A supply squeeze and short-term price bump can be a good thing for a local grower, but some argue the brief embargo didn't disrupt supply much.
“Our fruit comes out of the Dominican Republic. We do not handle any Mexican avocados," Louis Dessaint, director of tropical fruit operations for Florida-based Brooks Tropical. The family-owned farm grows premium products shipped throughout Florida, the Caribbean, and beyond.
"It didn’t affect us or even change the price but if the [ban] would have gone on longer it would have affected the price,” he added.
Despite the issue being resolved quickly, Dessaint expects demand for avocados to keep growing. But he worries about the inflationary pressures consumers are up against, and how it might price the product out of their diet.
I'm anticipating [avocados] going up to $100 per case. So that would be an almost 50% increase.Ruby Bugarin, Mexican restaurant owner
While some of the immediate effects from the embargo have been muted, there’s concern for independent businesses that more trouble could be just around the corner, given the after-effects of COVID-19. Restaurants and food suppliers have been grappling with inflationary prices exacerbated by labor shortages and supply bottlenecks.
Ruby Bugarin, co-owner of Margaritas and Pepe’s Mexican Restaurants, in Southern California, told Yahoo Finance in an interview that prices per case have surged by over $20, to $80, within the last 2 weeks alone.
“I'm anticipating it going up to $100 per case. So that would be an almost 50% increase,” Bugarin added. While she hasn't changed prices so far, there are some discussions about potential alternatives.
“We considered using pulp, just because it's so close to the natural state of the avocado," she said. That version comes “already pre-mashed in a plastic bag” so essentially it's less work for those preparing the guacamole, Bugarin explained. It’s unclear whether there's any material cost benefit, but pulp has also been somewhat scarce.

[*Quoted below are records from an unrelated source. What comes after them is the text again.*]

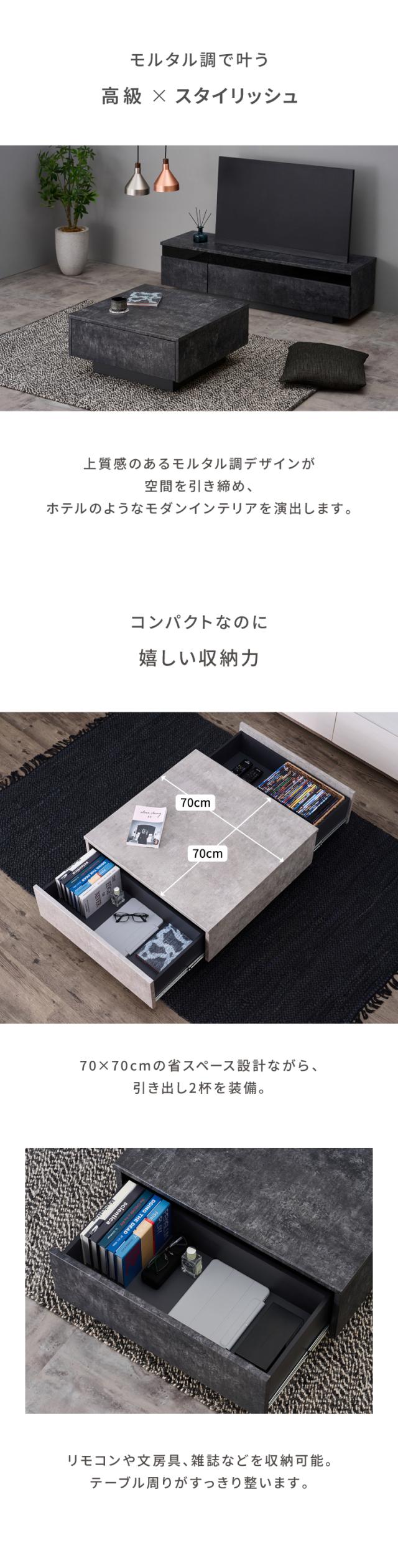 【1/13限定!ポイント10倍!】 センターテーブル 幅70 ローテーブル コンパクト 収納付き 引き出し グレー 家具 キャスター 移動 おしゃれ 一人暮らし 家族 リビング 家具 インテリア インダストリアル ISSEIKI GRAVA
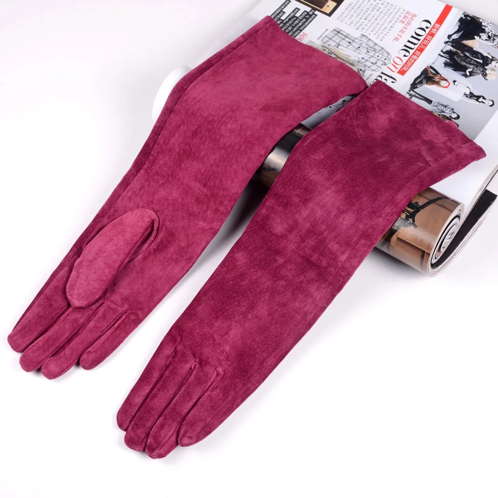 Special Offer Women s Ladies Real Suede leather party long evening gloves Customized gloves Ten Colors Discount 60% Today!
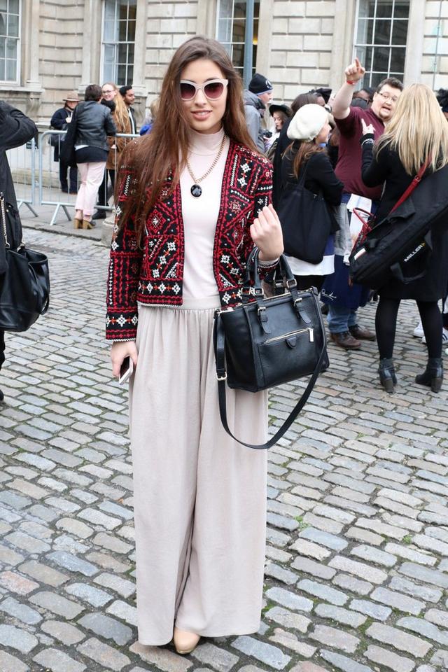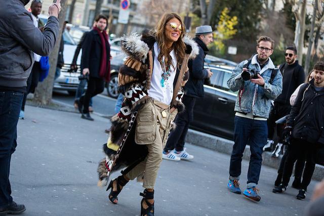 看着身层层叠叠的叠穿效果,里面薄薄的衬衫和机车裤,但是外面的民族风皮草大外套可是hold住了全场!
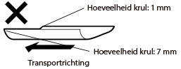 Acceptabele krulwaarden wanneer de krul loodrecht op de aanvoerrichting staat
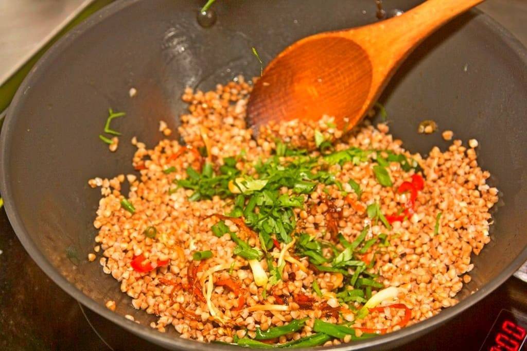 - Жареная гречка становится красивого темно- или светло-коричневого цвета и приобретает ореховый аромат.
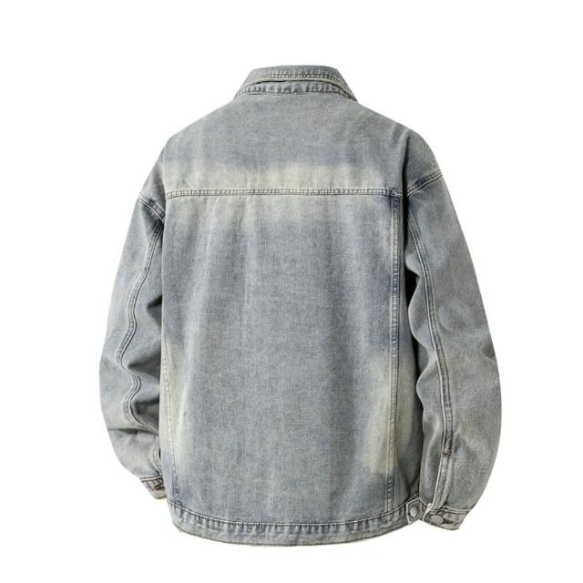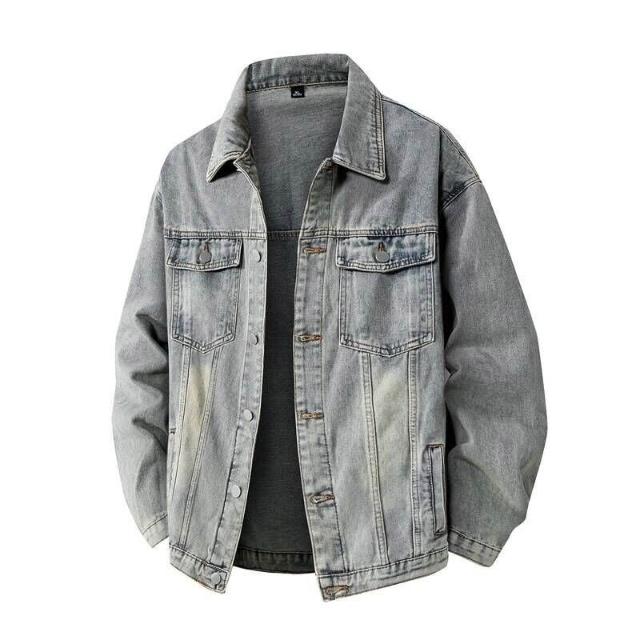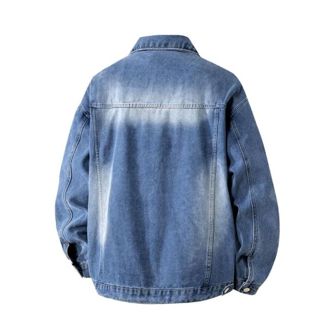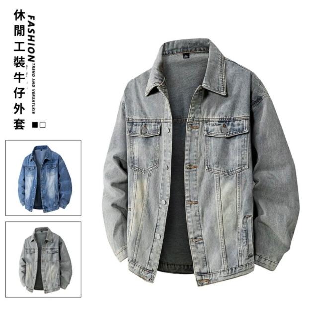 外套男牛仔外套春秋季水洗做舊牛仔夾克新款牛仔上衣防風外套男士牛仔外套男寬松時尚休閒外套透氣輕量薄外套通勤百搭爸爸夾克外套

“Our food distributors had said, no, we're out of pulp because I'm sure the big players in the field, we're already buying that,” Bugarin said.

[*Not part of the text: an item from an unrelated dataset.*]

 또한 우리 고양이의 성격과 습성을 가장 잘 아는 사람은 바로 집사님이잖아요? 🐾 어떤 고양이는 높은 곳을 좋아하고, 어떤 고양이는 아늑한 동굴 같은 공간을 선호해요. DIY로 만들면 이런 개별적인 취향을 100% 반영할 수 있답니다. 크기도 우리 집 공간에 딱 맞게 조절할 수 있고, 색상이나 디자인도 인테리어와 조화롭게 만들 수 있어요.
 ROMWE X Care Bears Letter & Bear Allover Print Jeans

Meanwhile, other businesses are toying with the idea of removing the staple from their menus, and offer supplemental options.
Evonne Varady, co-Founder of Clean Eatz, a restaurant franchise that sells wellness-focused meal plans, told Yahoo Finance in a phone interview that she decided to replace avocados on the menu, based on cost considerations.
Instead, Clean Eatz is trying to “come up with more unique things to use, to replace it” by using spinach, fresh herbs, arugula, and salsa, Varady explained.
During the pandemic, restaurants scaled back menus and hiked prices to keep up with product shortages and escalating ingredient costs. Yet Varady didn't pass those costs on to the customer, because “customers are only gonna take so much of that inflation,” she explained.
While online grocery shopping has boomed — much of that spurred by the pandemic — there’s concern that avocado supply will not meet demand.
“If demand goes that fast, you realize that avocados like other fruit trees take five years to mature, you can't just increase demand quickly from one year or supply,” UF's Blare said. “It'll take some time before supply can catch up to the growing demand."